Volcanic lake in Victoria, Australia

Lake Purrumbete is a volcanic lake in the Western District of Victoria, Australia. Lake Purrumbete is approximately 15 km east of the town of Camperdown. The lake is in a shallow maar. The water is crystal clear most times of the year as the lake relies totally on its own catchment.

==Recreational activities==
Lake Purrumbete is a prime destination for anglers chasing chinook salmon and rainbow and brown trout. The banks are heavily weeded at places, but the depth drops sharply; once away from the bank, it can get more than 60 m deep. There are heavy-duty boat ramps and jetties at the caravan park.
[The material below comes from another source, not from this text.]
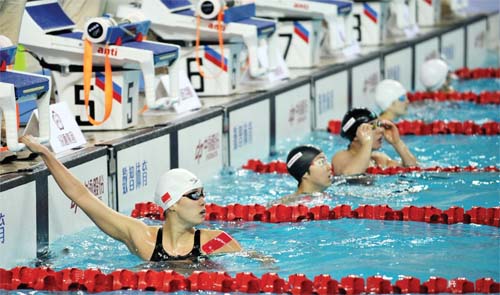 4 月16 日,在太原進行的2018 年全國游泳冠軍賽暨亞運會選拔賽女子100 米仰泳預(yù)賽中,浙江隊選手傅園慧以1 分00 秒83 的成績晉級決賽。圖為傅園慧(下)在賽后查看比賽成績。
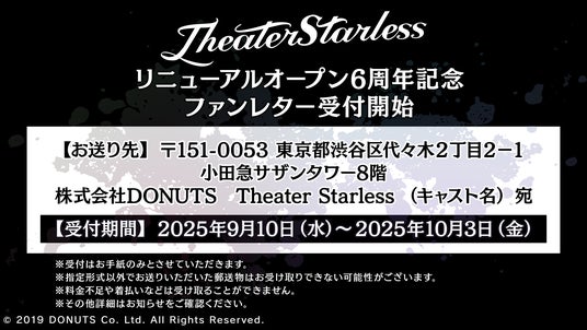 ◆スターレス リニューアルオープン6周年記念 ファンレター受付開始

The Lake Purrumbete Caravan Park has cabins, ice, public toilets, mooring facilities, jetties, fish cleaning facilities, day parking and a dual lane concrete boat ramp. The park is on the foreshore at the lake's southern end.

==Formation ==
Lake Purrumbete is a maar located east of Camperdown in the state of Victoria in Australia. The maar is located in a volcanic landscape, which geologists call Newer Volcanics Province. The lake is a 45 m deep maar with a diameter of 2.5 km. It was caused by a volcanic eruption when hot magma came in contact with groundwater. Though a date of 20,000 years has been attributed to the eruption, there is no scientific data to back that up.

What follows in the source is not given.